Глава II. ПАРОХОДНЫЙ ЗАЯЦ

   Ее разбудил стук машины. Она осторожно выглянула из окна каюты и увидела зеркальное гладкое море, на котором дробились яркие лучи солнца.
   Так вот оно, Берингово море. Оно всегда рисовалось ей, в таинственной дымке ее школьных воспоминаний, в виде печальной, покрытой туманом водной пустыни. И вот она видела перед собой зеркальную, залитую солнцем ширь открытого моря, под поверхностью которого редкие неповоротливые рыбы уплывали от колес парохода. Блестящая, гладкая голова поднялась под водой, и она услышала крик: «Тюлень, тюлень!»

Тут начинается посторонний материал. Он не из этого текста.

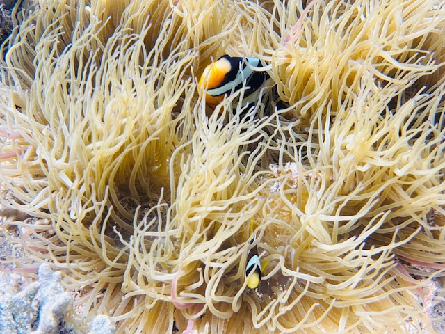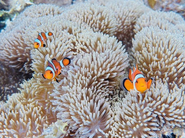 ゲストさんから冬はお魚が少なくなっちゃうんですか?と聞かれることもありますが、夏とほぼ変わりません^^強いて言えばクマノミちゃんたちが、少し引きこもりがちになるのと熱帯魚の赤ちゃんたちを見かけることが少ないぐらいです。その代わりに夏はほぼ会うことがないウミウシ(殻を持たない貝の仲間)に出会えることもあります。
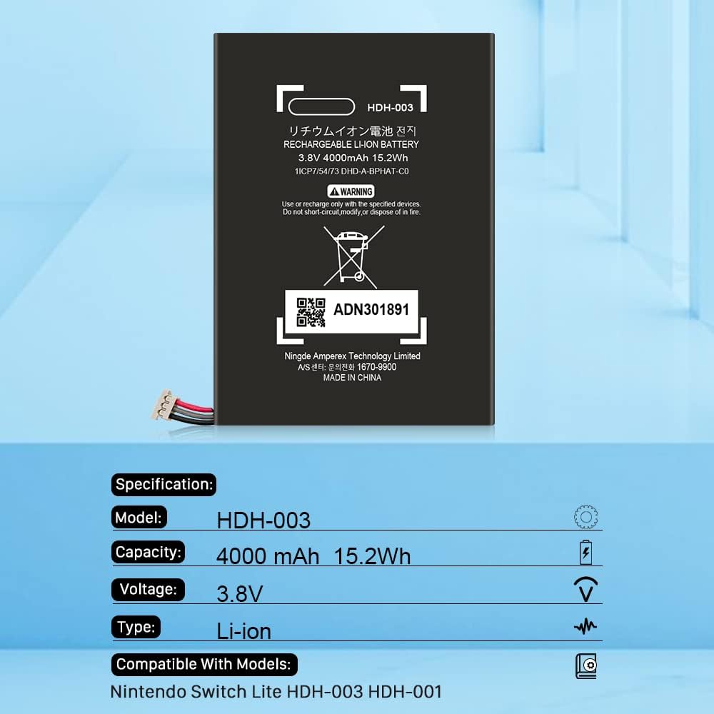 بطارية HDH-003، [4000 مللي أمبير] بطارية بديلة جديدة ذات جودة عالية لدورة 0 لوحدة التحكم Nintendo Switch Lite HDH-001، بطارية داخلية مع مجموعة أدوات التثبيت
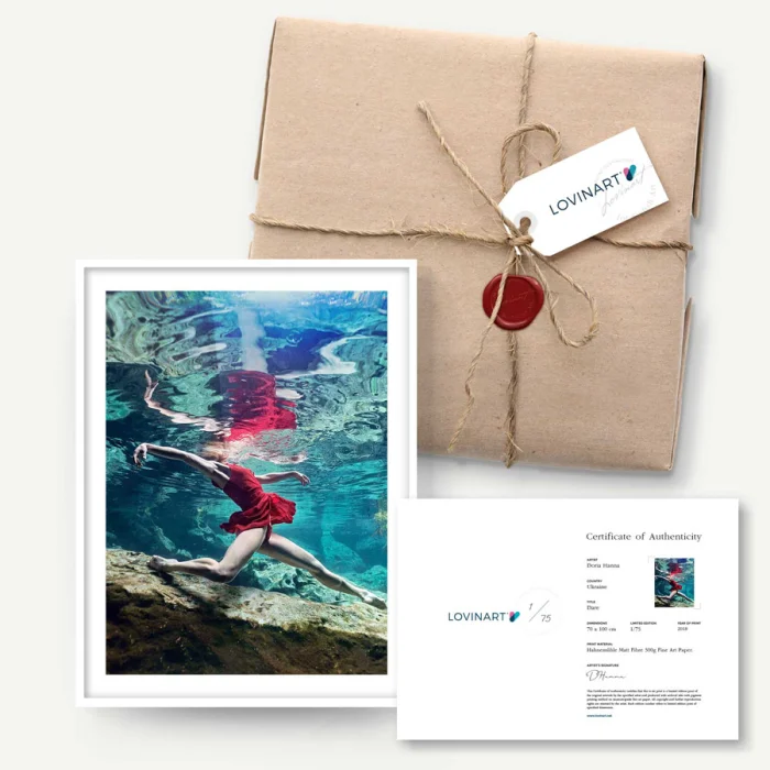 The limited edition artwork is sent to the art buyer together with the signature of the artist on the 'Certificate of Authenticity' indicating which copy of the total editions. In addition, all the printing details, including the printing technique, quality and the fine art paper used, are listed on the certificate.
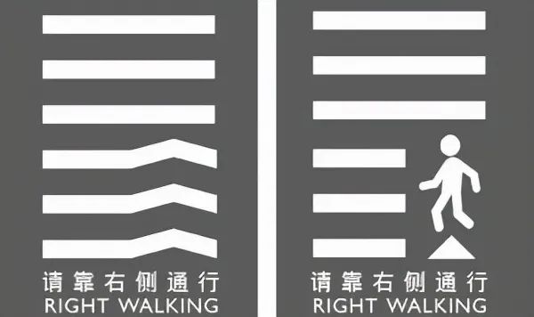 新的设计方案中就包括人行横道右侧加入引导箭头、画上小人,加上“请靠右侧通行”内容。
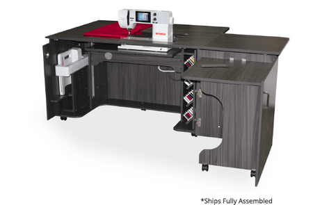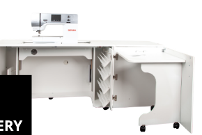 This cabinet perfectly accommodates BERNINA machines from the 4, 5, 7 and 8 Series. Its perks are
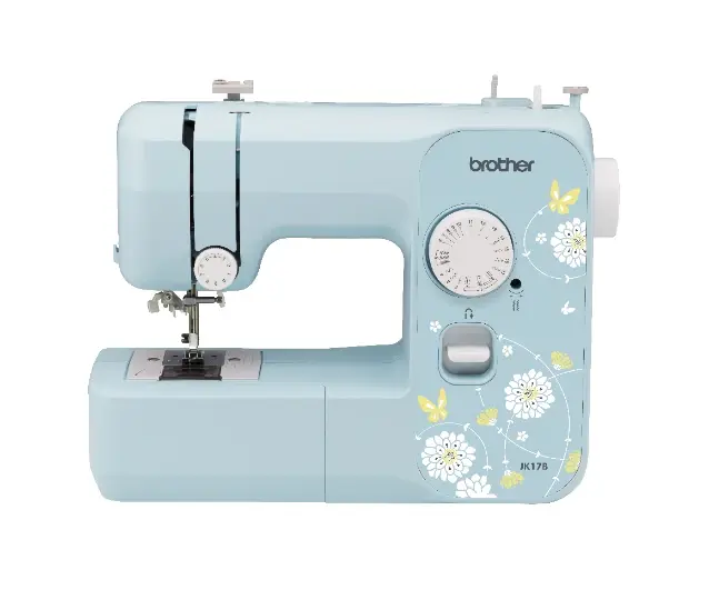 蓝色焕彩小精灵,基础入门,穿线轻松。17种内置针迹,LED缝纫照明灯,快速穿线,快速梭芯绕线。
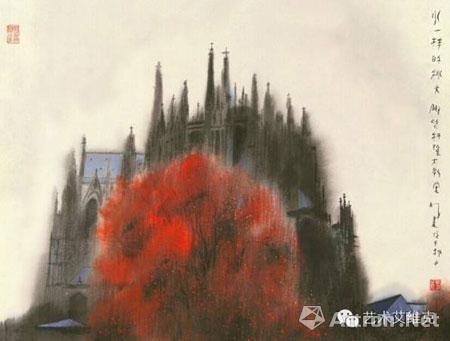 他非常重视且全神贯注地表现刻画物体的外在的现实主义形式(如大树下的风景,渡村的早晨等)。他不是简单地进行写生,因为那样只能得出“依样画葫芦”的呆板,而是着力于追求创造和领会物体的灵魂,寻找表象下面深层次的东西。这种作品里反映出来的关系以及作品中所要表达出来的情感自然而然地打动并感染着观众们的心灵深处,像他与他深爱的苏州家乡之间的关系就一一体现在那些美丽浪漫的胡同、古老雅静的桥梁和斑驳幽深的小巷中。如他的得意之作《百桥图》中拙政东园的小石桥就让我久久无法从那春意盎然的惬意中抽离出来。
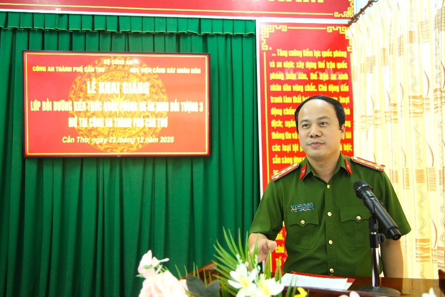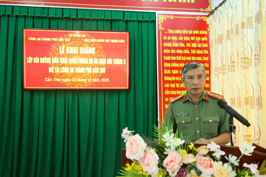 Chiều 22-12, Học viện Cảnh sát nhân dân (CSND) phối hợp Công an TP Cần Thơ tổ chức Lễ Khai giảng lớp bồi dưỡng kiến thức quốc phòng và an ninh đối tượng 3 mở tại Công an TP Cần Thơ, dự Lễ khai giảng có Đại tá PGS.TS Hoàng Anh Tuấn, Phó Giám đốc Học viện CSND, Đại tá Huỳnh Hoài Hận, Phó Giám đốc Công an TP Cần Thơ và đại diện các khoa, phòng cùng 88 học viên tham gia lớp bồi dưỡng.
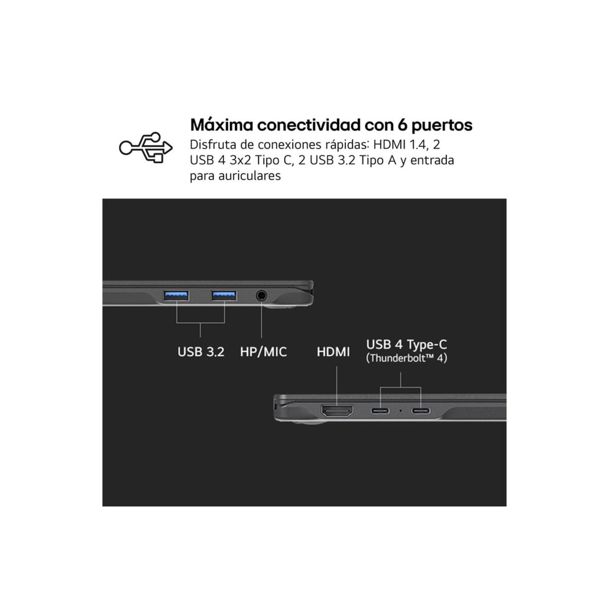 16Z90RU-G.AA55B fra LG er en laptop designet til brugere, der har brug for en balance mellem ydeevne og bærbarhed i en moderne og effektiv enhed. Denne model har en kraftfuld Intel® Core™ i5-1334U processor med 10 kerner (2 højtydende og 8 effektive), med hastigheder op til 4,6 GHz, hvilket sikrer hurtig respons ved multitasking og krævende programmer. Den har 16 GB LPDDR5x-6400 integreret RAM, der giver en flydende oplevelse i arbejds-, design- eller underholdningsmiljøer. Intern lagerplads er et 512 GB M.2 NVMe SSD, ideelt til hurtig opstart og programindlæsning samt rigelig plads til store filer og projekter. Den 16 tommer touchskærm med WQXGA (2560 x 1600) opløsning anvender IPS-teknologi med 400 nits lysstyrke, antirefleks- og fingeraftryksafvisende overflade, som leverer præcise farver (100 % sRGB) og høj skarphed til kreative opgaver eller avanceret visning. Grafikken håndteres af integreret Intel Graphics, egnet til multimedieopgaver og let redigering. Tilslutningsmuligheder inkluderer Bluetooth 5.1 og et komplet sæt porte: to USB 3.2 Type-A, to USB 4 Type-C med hurtig opladning, DisplayPort og Thunderbolt 4 samt HDMI 2.1, hvilket gør det nemt at tilslutte eksterne enheder, skærme og hurtige dataforbindelser. Tastaturet er QWERTY på spansk med et fuldt baggrundsbelyst numerisk tastatur, ideelt til effektiv skrivning i svagt lys. Den har HD-kamera og dobbelt indbygget mikrofon til kvalitetsvideoopkald. Batterilevetiden er cirka 23,5 timer, understøttet af en 65W USB-C adapter til hurtig og effektiv opladning. Sikkerhedsfunktioner omfatter HDD Security, fTPM/HW, mulighed for fingeraftrykslæser og sikker tilstand, der deaktiverer kamera og mikrofon, samt Kensington-lås til fysisk beskyttelse. Designet er kompakt med dimensioner på 355,9 x 243,4 x 16,8 mm og en vægt på 1.199 gram, hvilket fremmer mobilitet uden at gå på kompromis med ydeevnen. Operativsystemet er Windows 11 Plus, som giver den nyeste brugeroplevelse og kompatibilitet med moderne software. Denne LG bærbare kombinerer avanceret teknologi og funktionalitet for professionelle og studerende, der søger en pålidelig, alsidig enhed med topmoderne tekniske egenskaber.
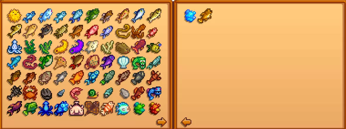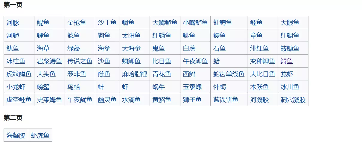 鱼类名称 代码序号 河豚 [128] 鳀鱼 [40] 金枪鱼 [130] 沙丁鱼 [131] 鲷鱼 [132] 大嘴鲈鱼 [136] 小嘴鲈鱼 [137] 虹鳟鱼 [138] 鲑鱼 [139] 大眼鱼 [140] 河鲈 [141] 鲤鱼 [142] 鲶鱼 [143] 狗鱼 [144] 太阳鱼 [145] 红鲻鱼 [146] 鲱鱼 [147] 鳗鱼 [148] 章鱼 [149] 红鲷鱼 [150] 鱿鱼 [151] 海草 [152] 绿藻 [153] 海参 [154] 大海参 [155] 鬼鱼 [156] 白藻 [157] 石鱼 [158] 绯红鱼 [159] 鮟鱇鱼 [160] 冰柱鱼 [161] 岩浆鳗鱼 [162] 传说之鱼 [163] 沙鱼 [164] 蝎鲤鱼 [165] 比目鱼 [267] 午夜鲤鱼 [269] 变种鲤鱼 [682] 鲟鱼 [698] 虎纹鳟鱼 [699] 大头鱼 [700] 罗非鱼 [701] 鲢鱼 [702] 麻哈脂鲤 [704] 青花鱼 [705] 西鲱 [706] 蛇齿单线鱼 [707] 大比目鱼 [708] 龙虾[715] 小龙虾 [716] 螃蟹 [717] 鸟蛤 [718] 蚌 [719] 虾 [720] 蜗牛 [721] 玉黍螺 [722] 牡蛎 [723] 木跃鱼 [734] 冰川鱼 [775] 虚空鲑鱼 [795] 史莱姆鱼 [796] 午夜鱿鱼 [798] 幽灵鱼 [799] 水滴鱼 [800] 黄貂鱼 [836] 狮子鱼 [837] 蓝铁饼鱼 [838] 河凝胶 [RiverJelly] 洞穴凝胶 [CaveJelly] 海凝胶 [SeaJelly] 虾虎鱼 暂未发现 除了以上,还有在齐先生任务里才有的鱼:
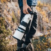 This lens strap is for exclusive use with a super-telephoto lens. It is made of mesh material to prevent discomfort, has excellent cushioning, and an anti-slip texture.

   Одеваясь, девушка внимательно разглядывала разные предметы личного обихода, разбросанные по каюте, пытаясь угадать по ним, что представляют собой их владельцы.
   Первое, что бросилось ей в глаза, был туалетный прибор из множества предметов в медной оправе и в кожаных футлярах. Все металлические части были прекрасной ручной выработки; на них были выгравированы инициалы Гленистэра. Вещи эти свидетельствовали о некоторой расточительности и склонности к комфорту и казались неуместными в дорожном снаряжении северного золотоискателя так же, как и собрание сочинений Мопассана.
   Затем она нашла «Семь Морей» Киплинга с многочисленными заметками на полях и почувствовала, что напала на след.
   Грубость и резкость этих поэм всегда отталкивали ее, хотя она смутно ощущала всю их великолепную жизненность и размах.
   Девушка впервые в жизни покинула сень жизненного благополучия. Она мало сталкивалась с действительностью и потому не могла понять, что истина подчас бывает грубой и отталкивающей в своей наготе.
   Книга подтвердила правильность ее оценки младшего из двух компаньонов.
   На крюке в поношенной и почерневшей кобуре висел большой револьвер, по-видимому, служивший верой и правдой в течение многих лет. Он молча говорил о седовласом Дэкстри, который постучал в дверь, еще прежде чем она успела обозреть остальные вещи, и, войдя, мягко обратился к ней:
   — Мальчик пошел вниз к стюарду за едой. Он сейчас придет. Как вам спалось?
   — Отлично, благодарю вас, — солгала она, — но я думаю, что мне пора дать вам объяснения.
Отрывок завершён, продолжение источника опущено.